- Le Coup du berger
- Directed by: Jacques Rivette
- Screenplay by: Jacques Rivette Claude Chabrol Charles Bitsch
- Based on: Mrs. Bixby and the Colonel's Coat
- Produced by: Pierre Braunberger Claude Chabrol
- Starring: Virginie Vitry Anne Doat Etienne Loinod Jean-Claude Brialy
- Cinematography: Charles Bitsch
- Edited by: Denise de Casabianca
- Music by: François Couperin
- Production company: Les Films de la Pleïade
- Release date: 1956;
- Running time: 28 min
- Country: France
- Language: French

= Fool's Mate (1956 film) =

Fool's Mate (Le Coup du berger) is a 1956 short film directed by Jacques Rivette.

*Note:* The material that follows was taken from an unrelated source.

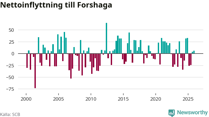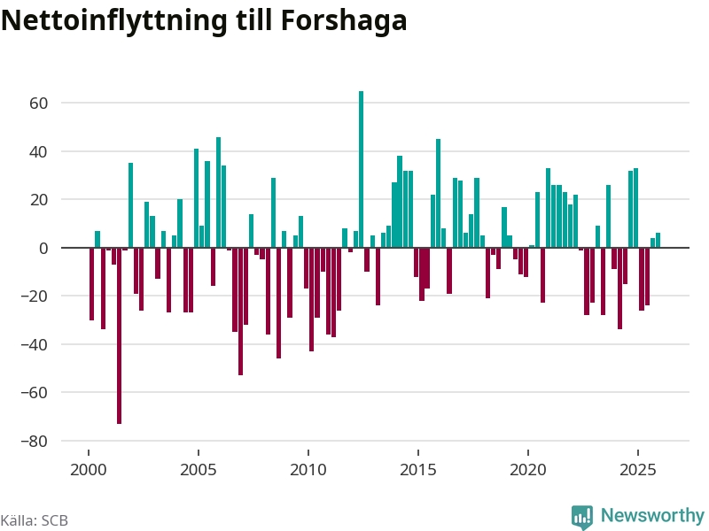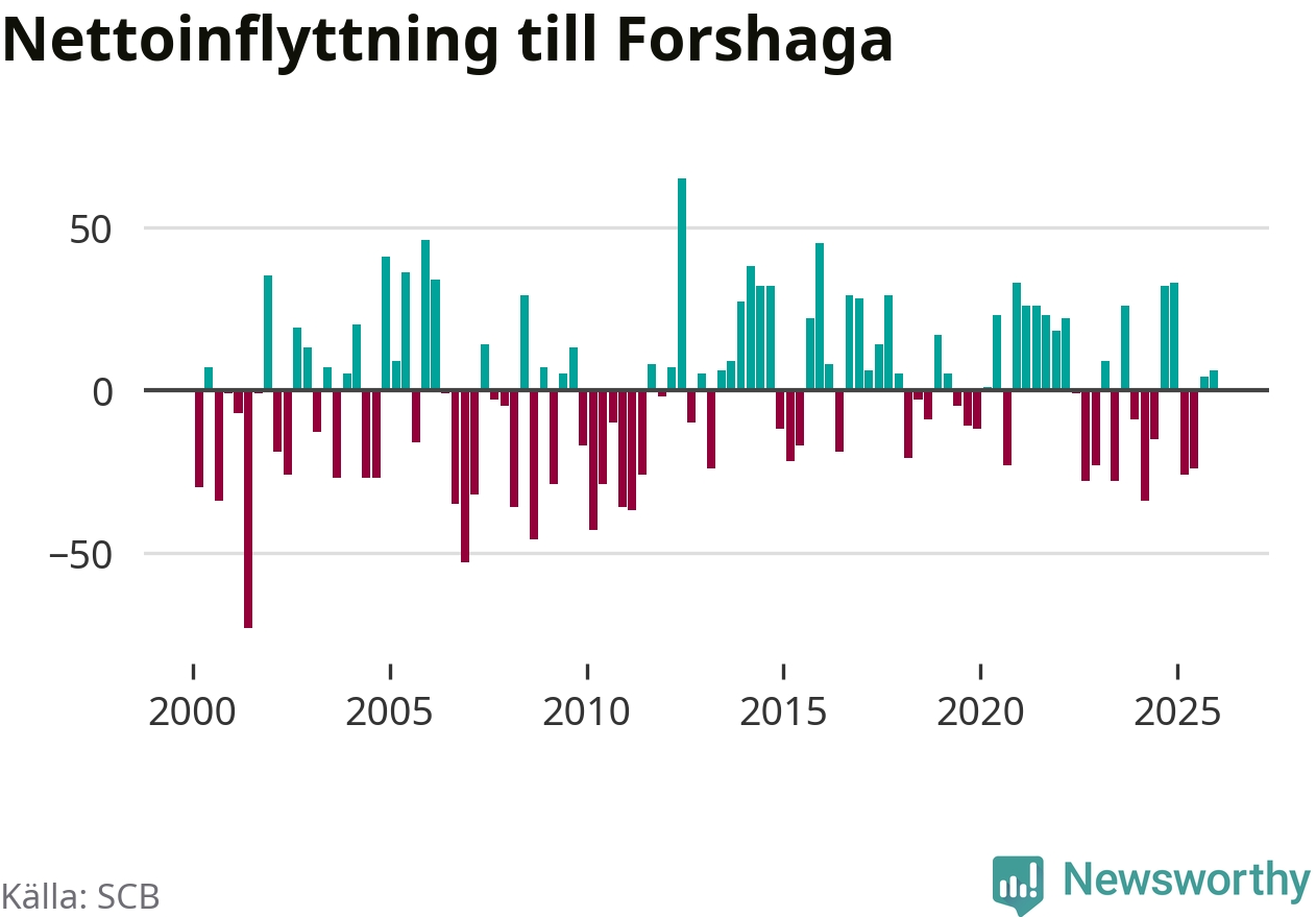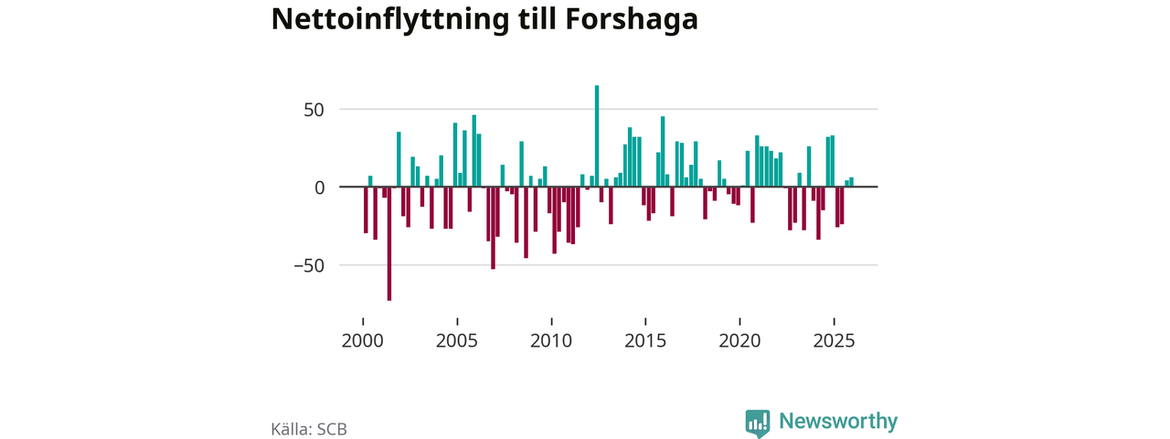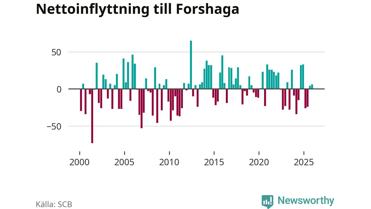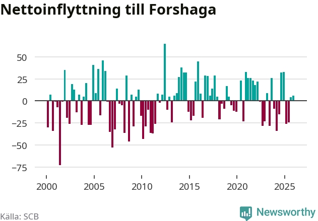 Under fjärde kvartalet 2025 flyttade 162 personer till kommunen medan 156 personer flyttade därifrån. Skillnaden mellan antalet in- och utflyttade är så liten att den lika gärna kan bero på SCB:s slumpmässiga brus. Sedan seklets början har Forshaga haft ungefär lika många kvartal med positivt flyttnetto som negativt.

It stars Virginie Vitry as a wife cheating on her husband Jean, telling him she is visiting her sister Solange but spending the time with her lover Claude. When Claude buys her a mink coat, the adulterous pair hatch a plan to avoid her husband's questioning the coat's origins by leaving it in a suitcase at a train station and having him retrieve it after she pretends to find the claim check in a taxi. However, when he brings it home it contains a cheap rabbit-fur coat, and when Solange turns up wearing the mink at a party that night she realizes her husband has checkmated her.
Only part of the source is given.